[The Fair Maid of Perth by Sir Walter Scott]@TWC D-Link bookThe Fair Maid of Perth CHAPTER XIX 8/26
The connexion betwixt Henry's supposed death and the descent of Conachar and his followers, though adopted by her in a moment of extreme and engrossing emotion, was sufficiently probable to have been received for truth, even if her understanding had been at leisure to examine its credibility.
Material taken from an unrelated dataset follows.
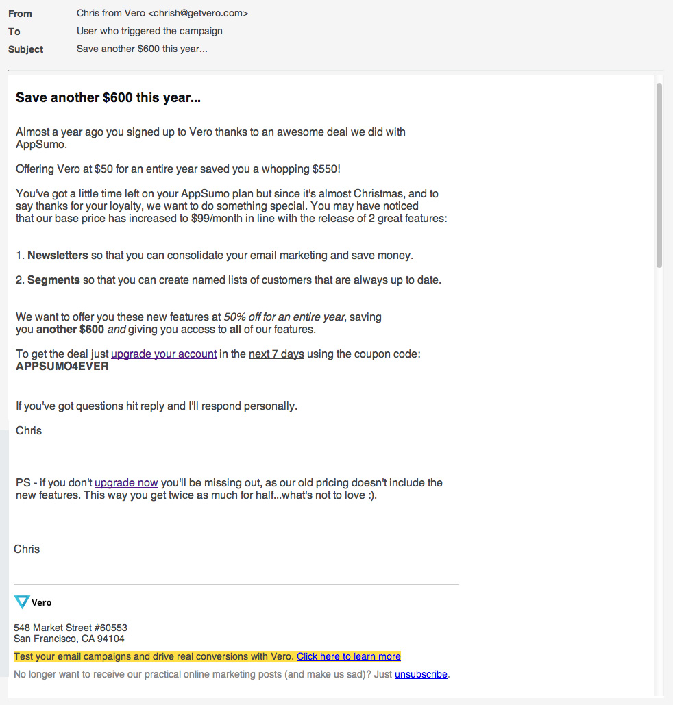 After analysing the customers in newly created segment, we knew that many sent relatively small volumes and were SaaS businesses just like us. We also knew (from communicating with these great customers over the last year) that many got a lot of value from Vero. We hypothesised that these customers would appreciate access to the new features at a reduced price and would therefore upgrade a month or two early, particularly if it meant they saved money in the long run.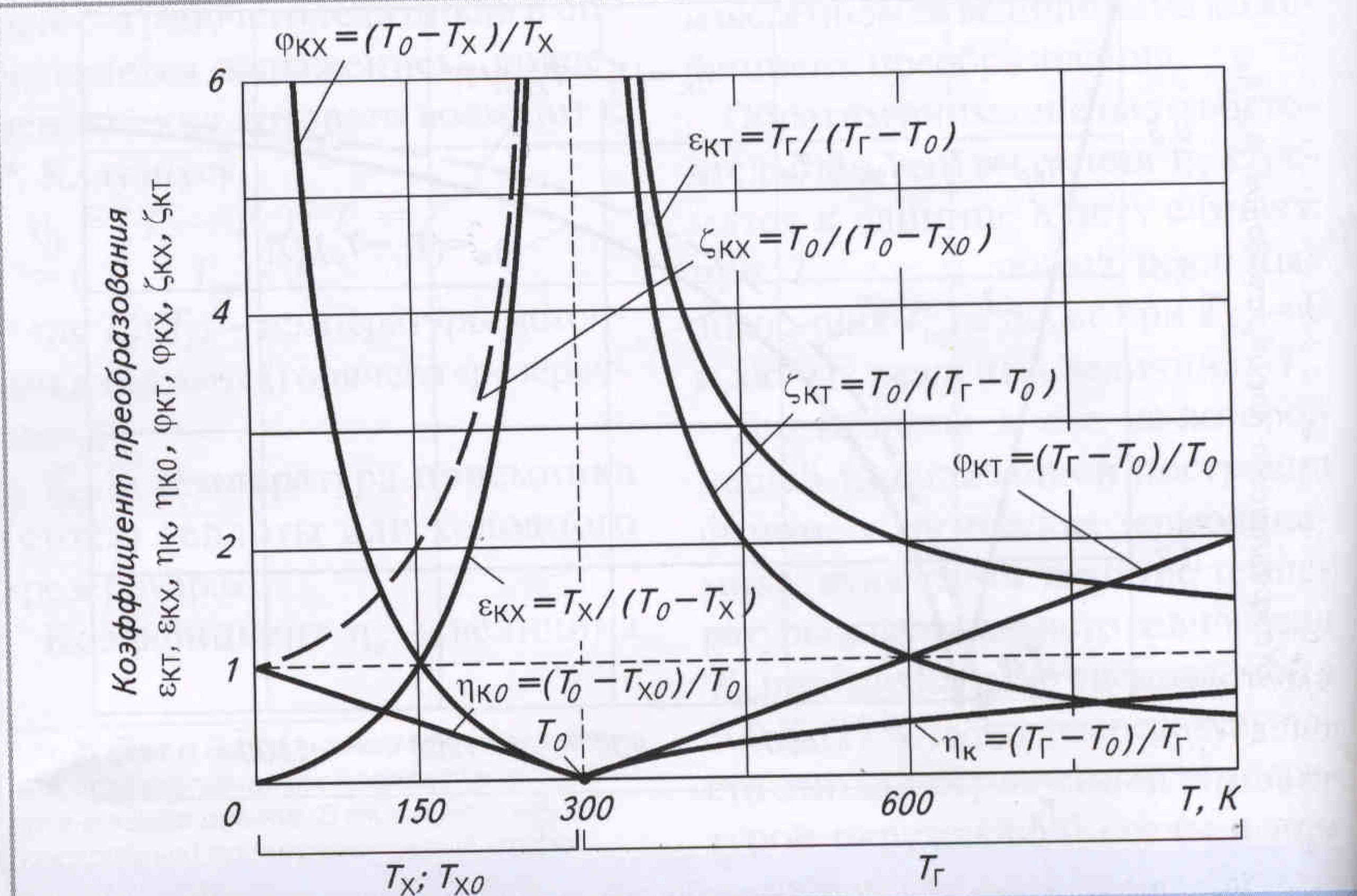 Обратная величина (ф^=<р„= = (Тг — Го)/Го — отношение затраченной мощности к перенесенной тепловой мощности при То, Вт/Вт — определяет величину минимально необходимой затраты энергии для переноса теплоты с температурного уровня То на уровень Тг. Понятно, что при Тт → Т0 величина фкт стремится к нулю. При температуре более 600 К коэффициент фкт принимает значение больше единицы. Эта ситуация отражена на рис. 2.

Without knowing what she sought except the general desire to know the worst of the dreadful report, she hurried forward to the very spot which of all others her feelings of the preceding day would have induced her to avoid. Who would, upon the evening of Shrovetide, have persuaded the proud, the timid, the shy, the rigidly decorous Catharine Glover that before mass on Ash Wednesday she should rush through the streets of Perth, making her way amidst tumult and confusion, with her hair unbound and her dress disarranged, to seek the house of that same lover who, she had reason to believe, had so grossly and indelicately neglected and affronted her as to pursue a low and licentious amour? Yet so it was; and her eagerness taking, as if by instinct, the road which was most free, she avoided the High Street, where the pressure was greatest, and reached the wynd by the narrow lanes on the northern skirt of the town, through which Henry Smith had formerly escorted Louise.
But even these comparatively lonely passages were now astir with passengers, so general was the alarm. Catharine Glover made her way through them, however, while such as observed her looked on each other and shook their heads in sympathy with her distress.
At length, without any distinct idea of her own purpose, she stood before her lover's door and knocked for admittance. The silence which succeeded the echoing of her hasty summons increased the alarm which had induced her to take this desperate measure. "Open--open, Henry!" she cried.
"Open, if you yet live! Open, if you would not find Catharine Glover dead upon your threshold!" As she cried thus frantically to ears which she was taught to believe were stopped by death, the lover she invoked opened the door in person, just in time to prevent her sinking on the ground.